Wayfinding, Roots, & Growth: A Professional Learning Journey
To live is to experience.
To experience is to learn.
To learn is to grow.
My professional learning journey has taken me to challenging places physically, intellectually, and emotionally. It has taken me to rural districts, foreign cultures, First Nations communities, and suburbia. Here is what I have learned on my teaching journey.
- Who am I as a learning professional? – I believe in creating authentic social relationships, as opposed to judgmental ones based on authority and power. I know one of my strengths in teaching is that I am able to effectively and responsibly wield power in the classroom, but that exemplary educators are able to share that power with their students, to let it go. I must believe in their own ability, for I am merely a guide and mentor, not some benign Protector of Knowledge.
I believe that my inquiry journey into technology has opened my eyes into the importance of multiliteracies, particularly how we assess them, and that digital technologies are only one aspect of multiliteracy education. My inquiry has shown me the divide between the privileged and the forgotten – from urban powerhouses, where each classroom receives its own set of iPads; to dying boom towns, where a school of 1000 students must share 30 portable laptops; to rural communities, where the investment into new technologies has already taken place, but that both teacher and student are ill-equipped to use and thereby benefit from the investment itself.I am my grandmother. While it might seem odd to state, especially of a woman I knew little of, there is no doubt that my relationship to the profession of “learning professional” (previously known as “teacher”) is rooted from the connection I have to this woman. Though I only met her twice when I was three and ten years old, I remembered how unconditional love guided her every action and when I later visited the rural village where she taught, strangers would approach me and tell me what a wonderful person and teacher she was. Her story has shown me that excellent teachers are flexible, creative, and resourceful. When me SAs and FA celebrated my ability to engage with students respectfully and sensitively, I knew where this skills and instinct came from. I am only half the teacher and half the person she was, but I seek to improve myself each day with her as my north star.

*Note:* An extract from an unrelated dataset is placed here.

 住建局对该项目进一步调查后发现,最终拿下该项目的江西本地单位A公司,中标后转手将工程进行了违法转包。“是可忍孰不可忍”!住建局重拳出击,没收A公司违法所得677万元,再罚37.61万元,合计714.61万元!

- What are my educational commitments? – Below I have highlighted my teaching philosophy. This philosophy is always a work-in-progress and I hope to expand it further as I acquire knowledge and teaching experience.
I believe that education is empowerment.
I was taught at a young age to always value my education as “the one thing no one can ever take from [me]”. This is an axiom I live by and I make sure to teach it to my students. In this pursuit of student empowerment, I choose to promote 21st century skills in the classes I teach, thereby giving students the tools they need to navigate the world they will soon inherit. In order to prepare my students for the world, I emphasize critical, historical, and geographic thinking. In particular, I challenge them to speak out in class and challenge one another’s ideas, as I can not imagine learning without respectful dialogue.I believe that relationship is everything.

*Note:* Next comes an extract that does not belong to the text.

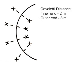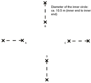 We can now move on to cavaletti on a circle again. This time, we will set up the cavaletti as shown below, and do three slightly different exercises. The distance between A and C is 10.5m, and the distance between B and D is 10.5m.
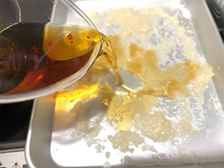 塩と塩麹が残っているバットの中に紹興酒を入れて、

My personal life experiences have taught me that learning can happen anywhere. Following this, people must people strive to relate to each other, but also to the unique environments we find ourselves in. Therefore all learning is lived experience. But learning to happen and growth to occur, all relationships must be establish on the basis of mutual trust between parties. By promoting healthy relationships based on mutual trust, as opposed to obedience and authority, learning professionals can build bridges between students, colleagues, disciplines, administrators, parents, and the larger community.I believe that resilience is growth.
Students need to be taught how to successfully cope with failure, namely, that we experience the most growth by learning from all experience, even if our experiences are initially viewed by us to be unsuccessful or unrewarding. I also believe that a great teacher is a reflective practitioner, but exemplary teachers model this reflective practice for their students each day and provide them with the critical thinking and communicative tools they need to themselves become reflective and engaged individuals. By representing the concept of failure as a positive learning experience, students are allowed to reflect and develop a positive self image by creating positive mindsets, which also increases self efficacy. -
What have I learned from this year? – I have learned to focus on the process and the value of formative assessment practices. My inquiry focused on technology in education, but when I realized that my school district was underfunded and that most teachers who utilized new technologies paid out of their own pockets, I realized that a shift in thinking was necessary. This shift brought me to best assessment practices and multiliteracies theories, of which there are four: cognitive-psychological, psycholinguistic, sociocultural, and sociopolitical. Each of these multiliteracies theories acknowledges the breadth of knowledge humans acquire over a lifetime and by using each theory in my assessment practices, I can maximize student engagement and better support learning in a positive classroom environment. The advantage of transferring my inquiry from digital technologies to best assessment practices using multiliteracies theories, is that I can still continue to research, design, and reflect upon the role of digital technologies within an assessment through multiliteracies framework.Moving forward, I hope to establish best assessment practices early on in my professional career and possibly work towards a TESL certificate within the year. I plan to dedicate any professional development opportunities that come my way in the near future, towards assessment, inquiry, and multiliteracies.
These experiences unique to my story have shaped who I have become and how I see the work of a teacher as it relates to students, colleagues, and community. I thank you for taking the time to read this reflection and hope it has inspired you.